§ **About this task**
Please write out all the data that follows exactly, without the pictures.

§ **Available records**
━━━━━━━━

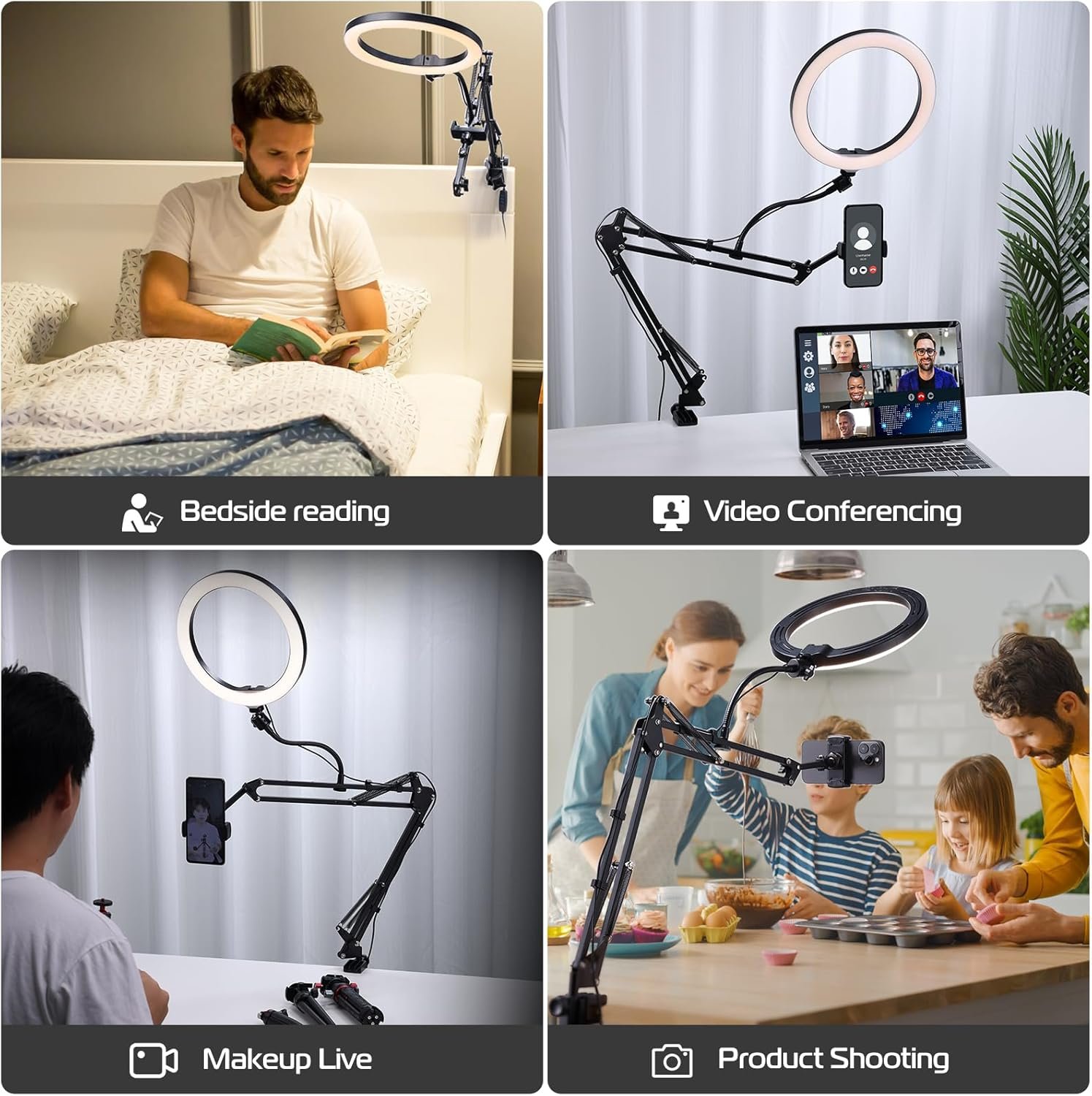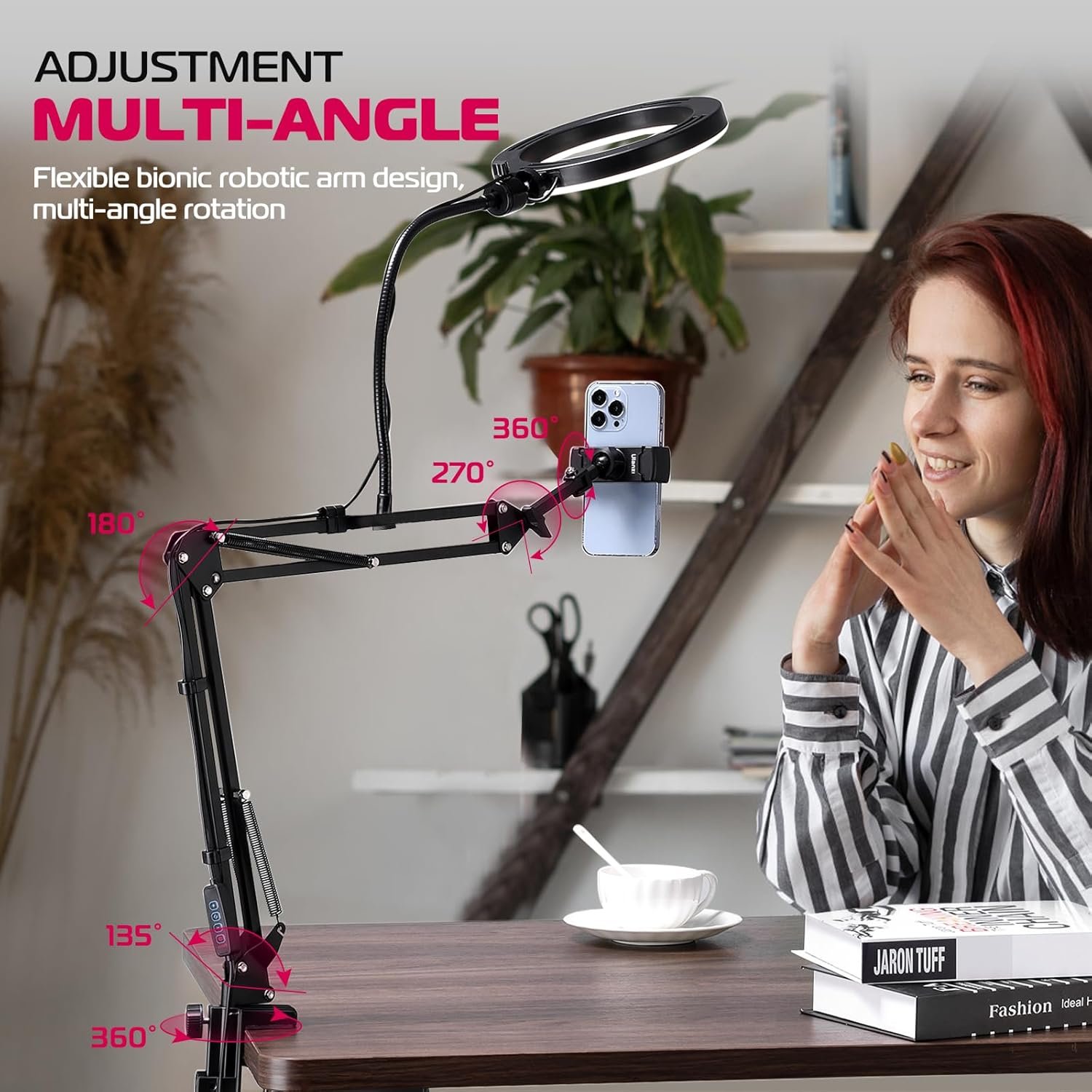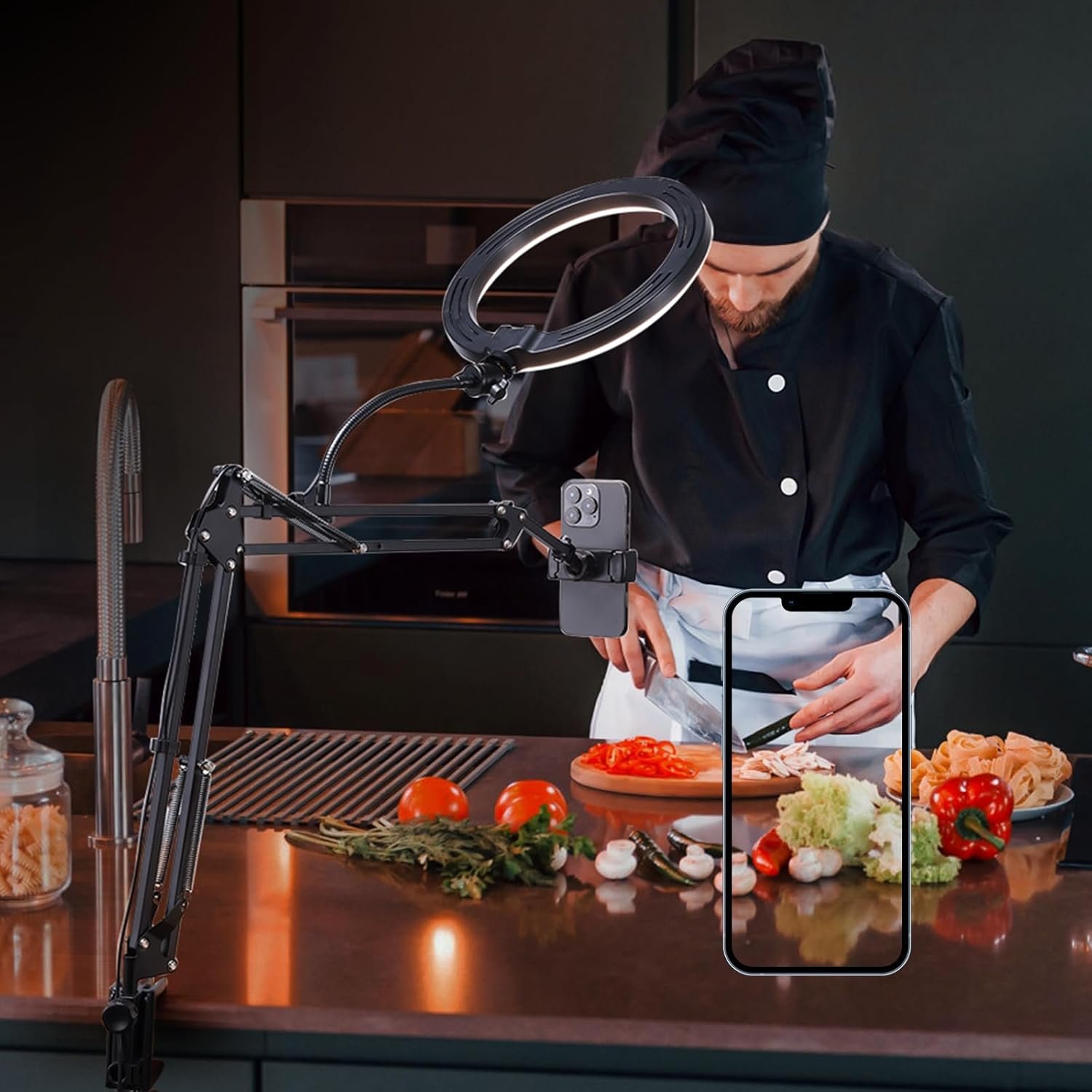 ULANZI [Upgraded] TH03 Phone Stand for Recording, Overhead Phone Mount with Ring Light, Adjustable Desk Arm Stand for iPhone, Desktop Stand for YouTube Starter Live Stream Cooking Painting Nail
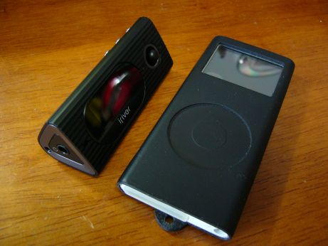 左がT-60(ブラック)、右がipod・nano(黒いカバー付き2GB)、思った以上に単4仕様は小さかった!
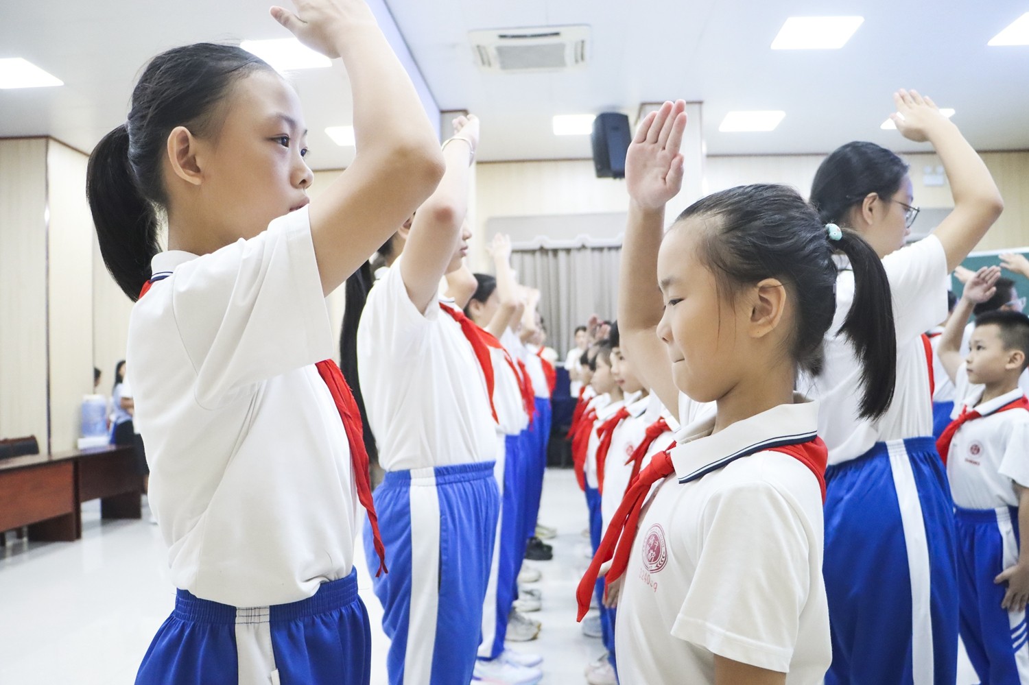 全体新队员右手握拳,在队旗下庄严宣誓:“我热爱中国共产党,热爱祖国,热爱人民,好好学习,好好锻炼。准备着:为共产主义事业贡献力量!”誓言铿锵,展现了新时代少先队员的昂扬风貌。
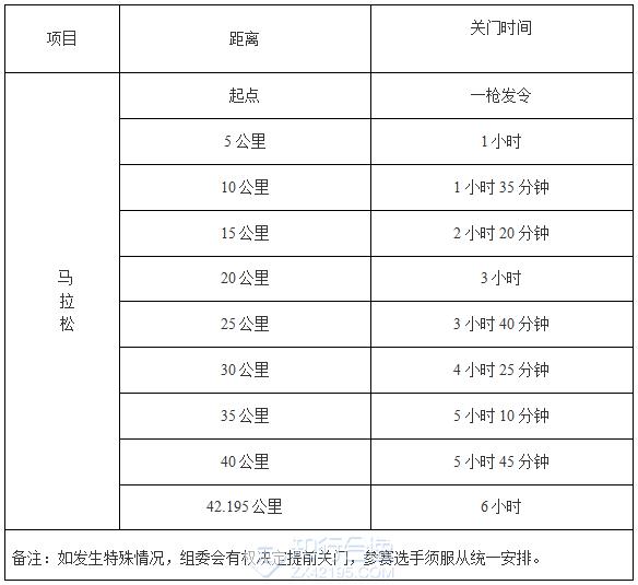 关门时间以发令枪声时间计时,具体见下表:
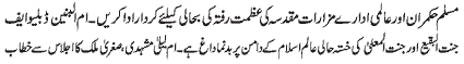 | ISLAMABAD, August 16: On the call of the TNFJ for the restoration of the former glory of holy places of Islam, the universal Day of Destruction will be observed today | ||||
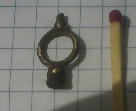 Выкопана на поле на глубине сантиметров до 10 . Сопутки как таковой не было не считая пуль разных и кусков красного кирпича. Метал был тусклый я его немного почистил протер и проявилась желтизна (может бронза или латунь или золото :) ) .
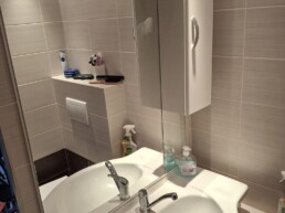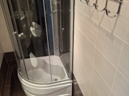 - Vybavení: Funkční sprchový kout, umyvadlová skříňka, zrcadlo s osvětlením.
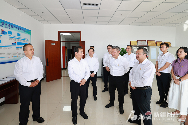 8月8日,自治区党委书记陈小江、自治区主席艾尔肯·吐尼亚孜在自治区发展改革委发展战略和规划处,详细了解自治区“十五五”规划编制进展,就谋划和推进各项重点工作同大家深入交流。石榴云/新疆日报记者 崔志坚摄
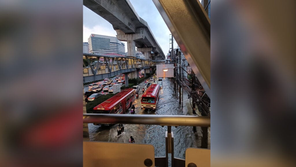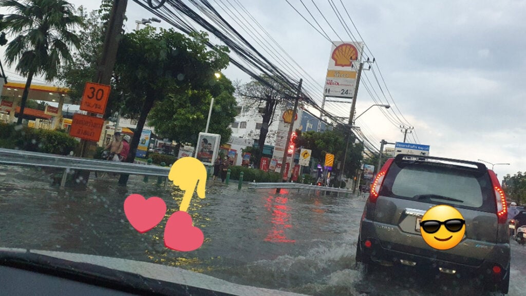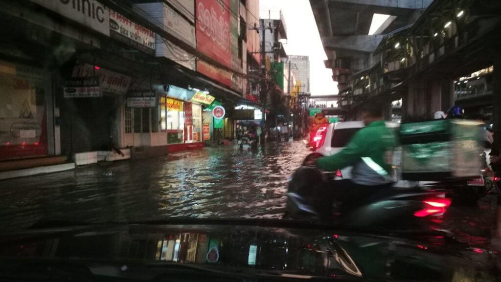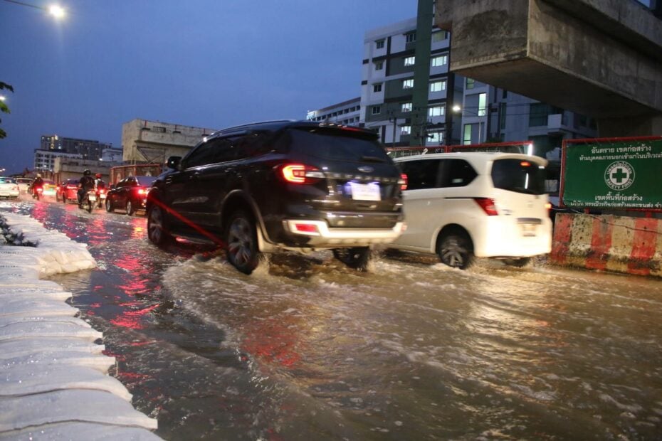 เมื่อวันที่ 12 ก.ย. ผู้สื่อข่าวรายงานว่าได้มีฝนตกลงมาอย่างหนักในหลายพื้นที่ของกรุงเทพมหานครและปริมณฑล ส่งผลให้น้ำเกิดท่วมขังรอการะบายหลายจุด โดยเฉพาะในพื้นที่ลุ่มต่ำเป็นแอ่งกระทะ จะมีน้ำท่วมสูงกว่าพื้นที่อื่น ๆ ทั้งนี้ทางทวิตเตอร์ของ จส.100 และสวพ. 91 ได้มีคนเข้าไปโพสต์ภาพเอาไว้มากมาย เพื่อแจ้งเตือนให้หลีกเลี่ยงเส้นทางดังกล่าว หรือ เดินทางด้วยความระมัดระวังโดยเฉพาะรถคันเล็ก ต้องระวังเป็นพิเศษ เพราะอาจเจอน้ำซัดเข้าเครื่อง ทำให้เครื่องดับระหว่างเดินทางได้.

━━━━━━━━

§ **Reply**
 ULANZI [Upgraded] TH03 Phone Stand for Recording, Overhead Phone Mount with Ring Light, Adjustable Desk Arm Stand for iPhone, Desktop Stand for YouTube Starter Live Stream Cooking Painting Nail
 左がT-60(ブラック)、右がipod・nano(黒いカバー付き2GB)、思った以上に単4仕様は小さかった!
 全体新队员右手握拳,在队旗下庄严宣誓:“我热爱中国共产党,热爱祖国,热爱人民,好好学习,好好锻炼。准备着:为共产主义事业贡献力量!”誓言铿锵,展现了新时代少先队员的昂扬风貌。
 关门时间以发令枪声时间计时,具体见下表:
 | ISLAMABAD, August 16: On the call of the TNFJ for the restoration of the former glory of holy places of Islam, the universal Day of Destruction will be observed today | ||||
 Выкопана на поле на глубине сантиметров до 10 . Сопутки как таковой не было не считая пуль разных и кусков красного кирпича. Метал был тусклый я его немного почистил протер и проявилась желтизна (может бронза или латунь или золото :) ) .
 - Vybavení: Funkční sprchový kout, umyvadlová skříňka, zrcadlo s osvětlením.
 8月8日,自治区党委书记陈小江、自治区主席艾尔肯·吐尼亚孜在自治区发展改革委发展战略和规划处,详细了解自治区“十五五”规划编制进展,就谋划和推进各项重点工作同大家深入交流。石榴云/新疆日报记者 崔志坚摄
 เมื่อวันที่ 12 ก.ย. ผู้สื่อข่าวรายงานว่าได้มีฝนตกลงมาอย่างหนักในหลายพื้นที่ของกรุงเทพมหานครและปริมณฑล ส่งผลให้น้ำเกิดท่วมขังรอการะบายหลายจุด โดยเฉพาะในพื้นที่ลุ่มต่ำเป็นแอ่งกระทะ จะมีน้ำท่วมสูงกว่าพื้นที่อื่น ๆ ทั้งนี้ทางทวิตเตอร์ของ จส.100 และสวพ. 91 ได้มีคนเข้าไปโพสต์ภาพเอาไว้มากมาย เพื่อแจ้งเตือนให้หลีกเลี่ยงเส้นทางดังกล่าว หรือ เดินทางด้วยความระมัดระวังโดยเฉพาะรถคันเล็ก ต้องระวังเป็นพิเศษ เพราะอาจเจอน้ำซัดเข้าเครื่อง ทำให้เครื่องดับระหว่างเดินทางได้.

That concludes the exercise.